By Obsa O.
December 14, 2012, ADDIS ABABA (Opride) — Ethiopia’s Federal Court sentenced two Oromo prisoners of conscience languishing at the notorious Kaliti prison, Bekele Garba and Olbana Lelisa to eight and thirteen years, respectively, under charges of “inciting a secessionist rebellion.”
According to Bloomberg News, seven other Oromos were given sentences ranging from three to 12 years “for getting training in camps in Kenya and being involved in gunfights with Ethiopian soldiers.” In the case of Gerba and Lelisa, one of the evidence used by the prosecutor to win a guilty verdict was speaking to the BBC and meeting with representatives of the UK-based human rights group, Amnesty International.
Ethiopia’s little known Kaliti prison smacks of South Africa’s apartheid-era Robben Island, where thousands of Black South Africans including Nelson Mandela spent their darkest days. The brutality of the apartheid system did not stop at sending freedom thirsty individuals to jail; many were also slayed in their quest for freedom.
Later on, after their ‘long walk to freedom’, Robben Island, South Africa’s equivalent of Alem Bekagn, became an iconic spot for the freedom fighters. The political nature of Robben Island’s inmates, the accounts of terrible prison conditions, and the state of prisoners resemble that of Ethiopia’s Kaliti today.

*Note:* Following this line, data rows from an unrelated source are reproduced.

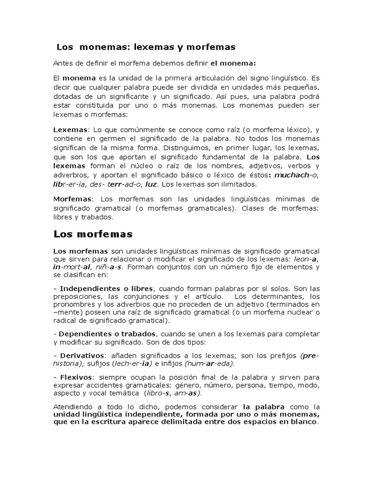 Morfemas: Los morfemas son las unidades lingsticas mnimas de
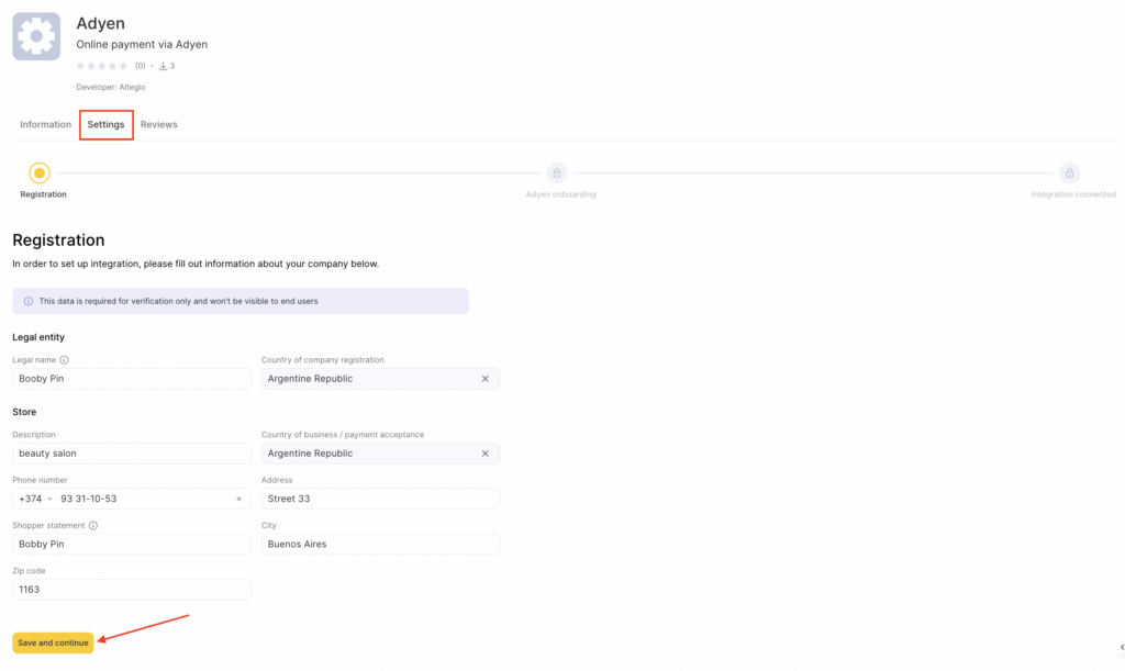 If the link expires, you can request/generate a new link from the same integration screen (Altegio will provide a way to return to onboarding).Click Go to Adyen onboarding to open the hosted onboarding flow.
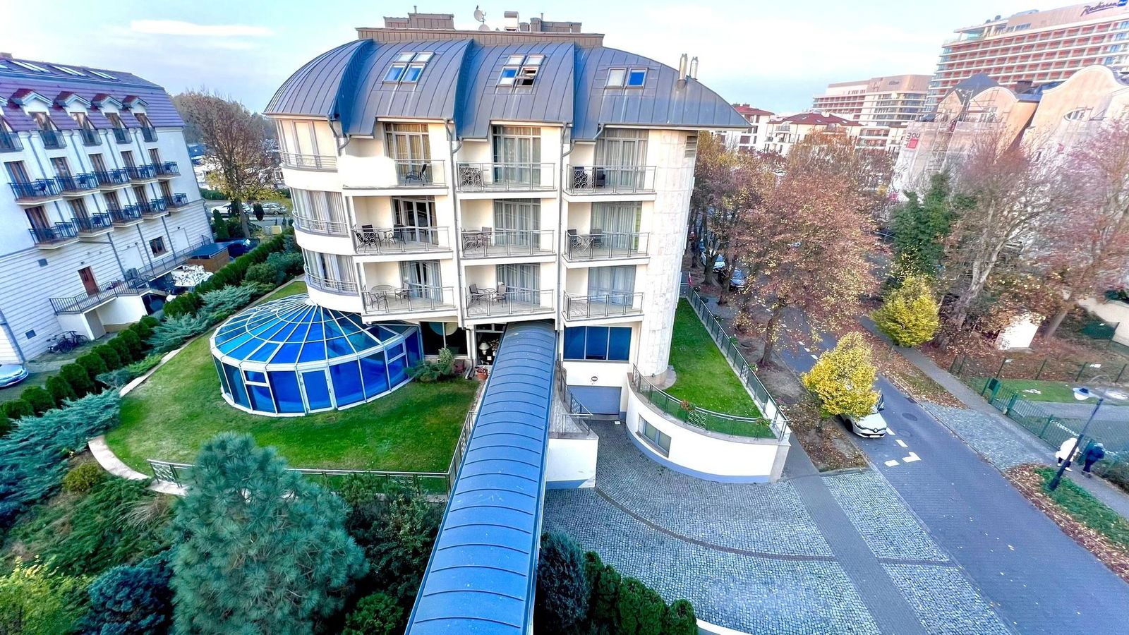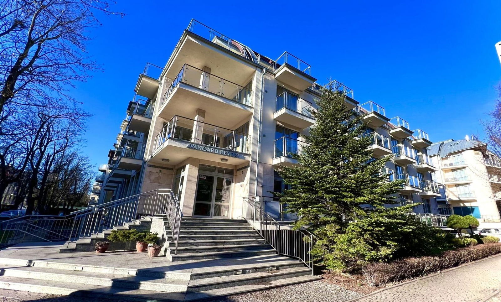 Avangard Resort: Obiekt mieszkalno-wypoczynkowy, umiejscowiony bezpośrednio przy nadmorskiej Promenadzie, w sąsiedztwie piaszczystej plaży i Morza Bałtyckiego.
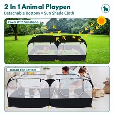2.Installation-free: No complicated assembly is required, the pet playpen automatically pop-up while you open it, and it can be fixed outdoors with the 8 ground nails provided. 【New Generation】 The bottom of the pet playpen can be removed, so that the small animals are closer to nature when used outdoors.

But unlike Robben Island, Kaliti–a notorious prison on the outskirts of Addis Ababa where prisoners dreadfully stockpiled with poor hygiene and visits by family members and lawyer are at the discretion of a bureaucratic prison supervisor–is little known to the world.
Kaliti houses an estimated 20,000 Oromo political prisoners. Oromo students, academics, members and leaders of opposition have been thrown into this jail under concocted charges. Among them, very few are convicted while the majority languishes without proper legal prosecution. Of course, there are also hundreds of prisoners from different ethnic groups, though their number and the cases they were charged with are incomparable to that of Oromo prisoners. The overwhelming majority of Oromo inmates are prisoners of conscience, who were convicted solely based on their political views and membership in Oromo ethnic group.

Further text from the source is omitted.